TS101 Portable Soldering Iron Review: Is It the Best First Iron for Developers Getting Into Hardware?
TS101 Portable Soldering Iron Review: Is It the Best First Iron for Developers Getting Into Hardware?
The short answer: yes, for most people coming from software to hardware, the TS101 is an excellent first soldering iron. It heats up in under 10 seconds, runs from a USB-C PD source you probably already own, and gives you real temperature feedback without burying you in a confusing interface. It is not perfect, and there are worthy alternatives depending on your budget and use case. But if you want one iron to learn on, travel with, and actually trust, the TS101 earns its place on the bench.
This review covers the TS101 portable soldering iron from the perspective of someone who writes more code than schematic diagrams. The goal is not to evaluate it against professional rework stations. The goal is to answer whether it makes the jump from blinking LEDs in a simulator to soldering your first real PCB feel approachable rather than intimidating.

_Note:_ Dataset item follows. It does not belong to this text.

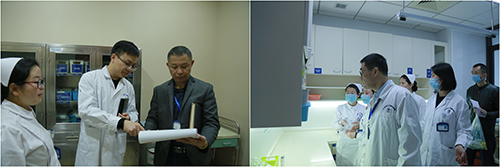 ▲潘耀良副院長帶領(lǐng)各科室負(fù)責(zé)人對醫(yī)院大樓各樓層進(jìn)行安全大檢查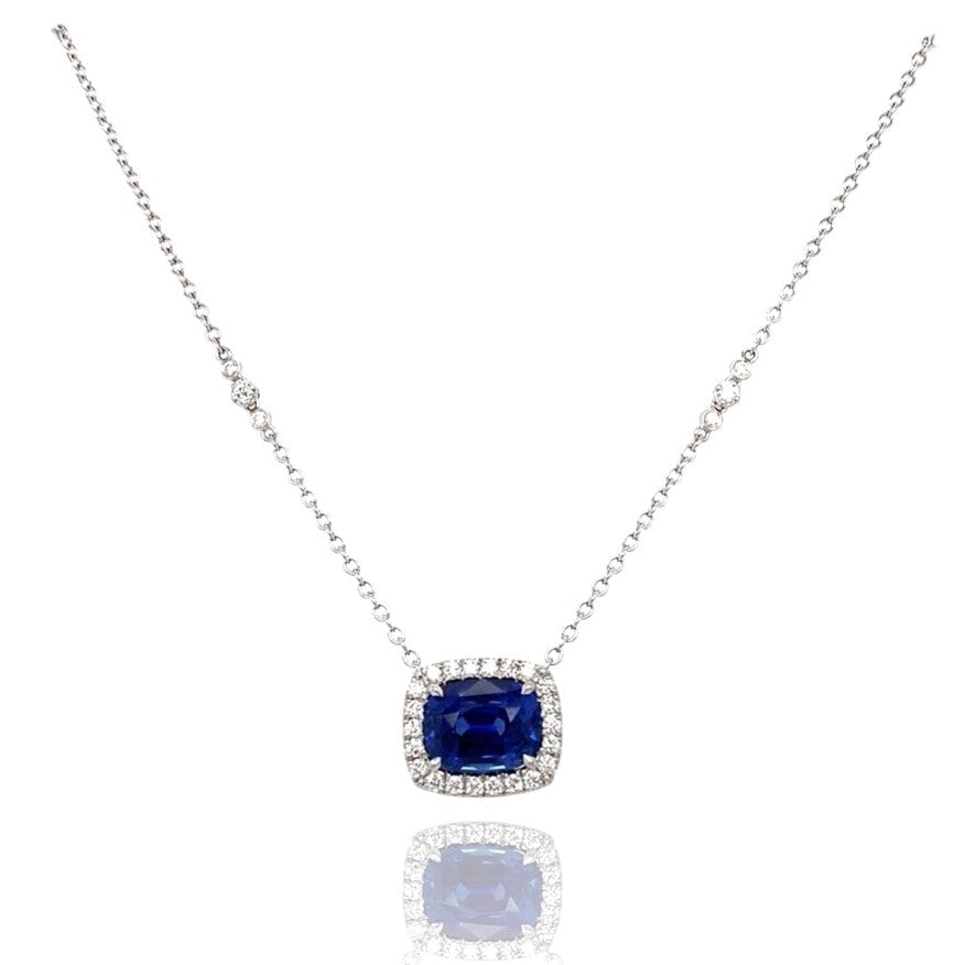 LaViano Bespoke 14K White Gold Sapphire and Diamond Halo Necklace

Estimated read time: 7 minutes
TS101 Soldering Iron: Quick Specs at a Glance
Before getting into the feel of using it, here is what you are actually buying. The TS101 is a smart, USB-C powered soldering iron made by SEQURE. It uses a PD (Power Delivery) negotiation chip to draw up to 65W from a compatible charger, and it stores temperature profiles and settings in onboard memory so your preferences persist between sessions.
| Spec | Detail |
|---|---|
| Manufacturer | SEQURE |
| Power Input | USB-C PD, up to 65W (20V @ 3.25A) |
| Also Compatible With | DC 5.5mm barrel jack, 12V to 24V |
| Temperature Range | 100°C to 400°C (212°F to 752°F) |
| Thermal Recovery | Fast, approximately 4 to 8 seconds to target temp from cold |
| Tip Standard | TS-B2 compatible (wide ecosystem) |
| Display | OLED, shows live temp, set temp, wattage |
| Weight | ~33g without cable |
| Firmware | Updatable via USB |
| Idle Shutoff | Configurable, motion-triggered sleep |
| Body Material | Aluminum alloy |
The TS-B2 tip compatibility is worth calling out specifically. It shares a tip ecosystem with the older TS100, which means a large supply of aftermarket and specialty tips (chisel, knife, fine point, hoof) is available, usually for a few dollars each. You are not locked into proprietary consumables.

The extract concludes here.